_Instructions for the task_
Retype the material that follows exactly, limited to the lines from the one with "Programme funéraire propre" through the one with "Selamat datang di", and keep out all pictures.

----- Supplied information

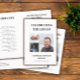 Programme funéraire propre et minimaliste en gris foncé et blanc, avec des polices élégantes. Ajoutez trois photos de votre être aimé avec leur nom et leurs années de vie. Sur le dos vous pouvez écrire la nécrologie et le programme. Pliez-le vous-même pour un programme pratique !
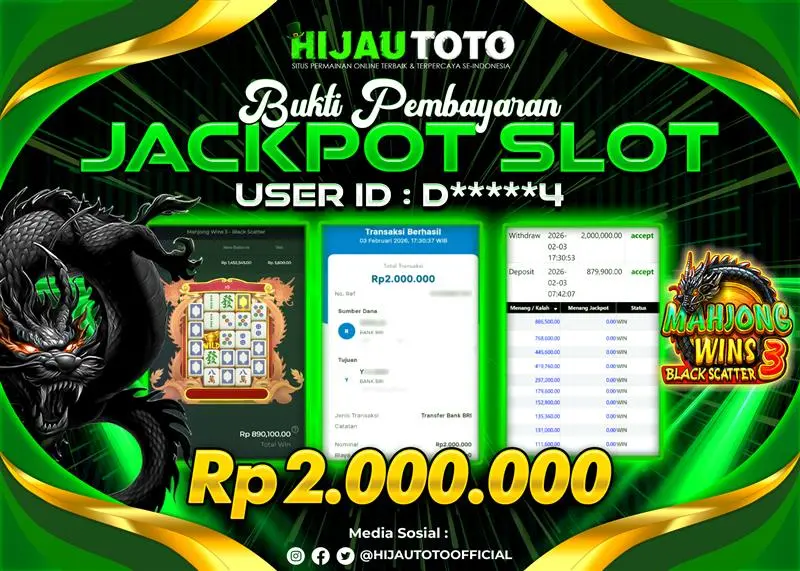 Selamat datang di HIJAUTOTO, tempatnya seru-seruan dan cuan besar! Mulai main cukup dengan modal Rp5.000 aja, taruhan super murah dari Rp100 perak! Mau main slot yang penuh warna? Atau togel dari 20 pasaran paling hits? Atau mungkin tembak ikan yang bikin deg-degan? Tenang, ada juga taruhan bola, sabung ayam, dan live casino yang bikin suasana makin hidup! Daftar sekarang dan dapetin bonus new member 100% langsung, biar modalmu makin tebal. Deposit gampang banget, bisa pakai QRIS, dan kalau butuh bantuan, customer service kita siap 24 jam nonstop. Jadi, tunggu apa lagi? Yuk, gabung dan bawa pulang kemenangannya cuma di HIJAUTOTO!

----------
----- Supplied information

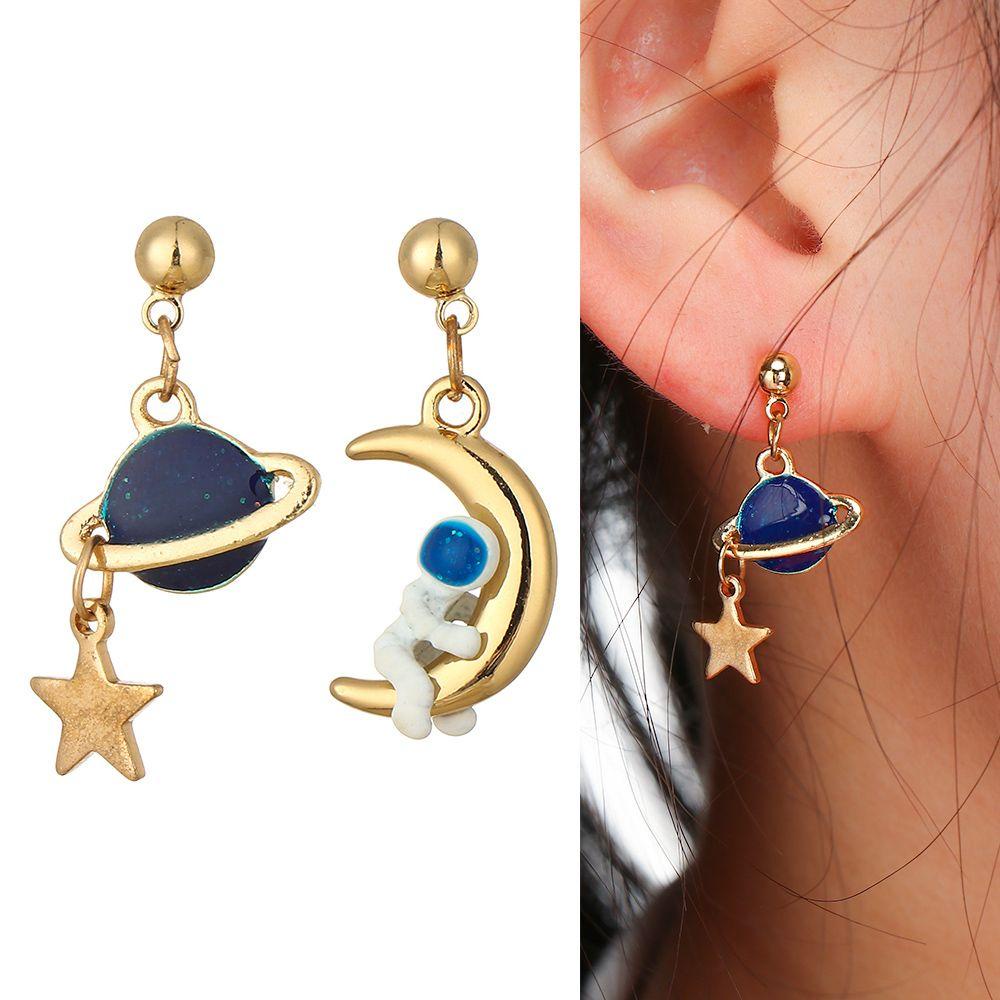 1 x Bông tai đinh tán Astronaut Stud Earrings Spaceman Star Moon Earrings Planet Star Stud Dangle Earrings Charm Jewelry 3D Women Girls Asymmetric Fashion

----------

_Output of the exercise_
 Programme funéraire propre et minimaliste en gris foncé et blanc, avec des polices élégantes. Ajoutez trois photos de votre être aimé avec leur nom et leurs années de vie. Sur le dos vous pouvez écrire la nécrologie et le programme. Pliez-le vous-même pour un programme pratique !
 Selamat datang di HIJAUTOTO, tempatnya seru-seruan dan cuan besar! Mulai main cukup dengan modal Rp5.000 aja, taruhan super murah dari Rp100 perak! Mau main slot yang penuh warna? Atau togel dari 20 pasaran paling hits? Atau mungkin tembak ikan yang bikin deg-degan? Tenang, ada juga taruhan bola, sabung ayam, dan live casino yang bikin suasana makin hidup! Daftar sekarang dan dapetin bonus new member 100% langsung, biar modalmu makin tebal. Deposit gampang banget, bisa pakai QRIS, dan kalau butuh bantuan, customer service kita siap 24 jam nonstop. Jadi, tunggu apa lagi? Yuk, gabung dan bawa pulang kemenangannya cuma di HIJAUTOTO!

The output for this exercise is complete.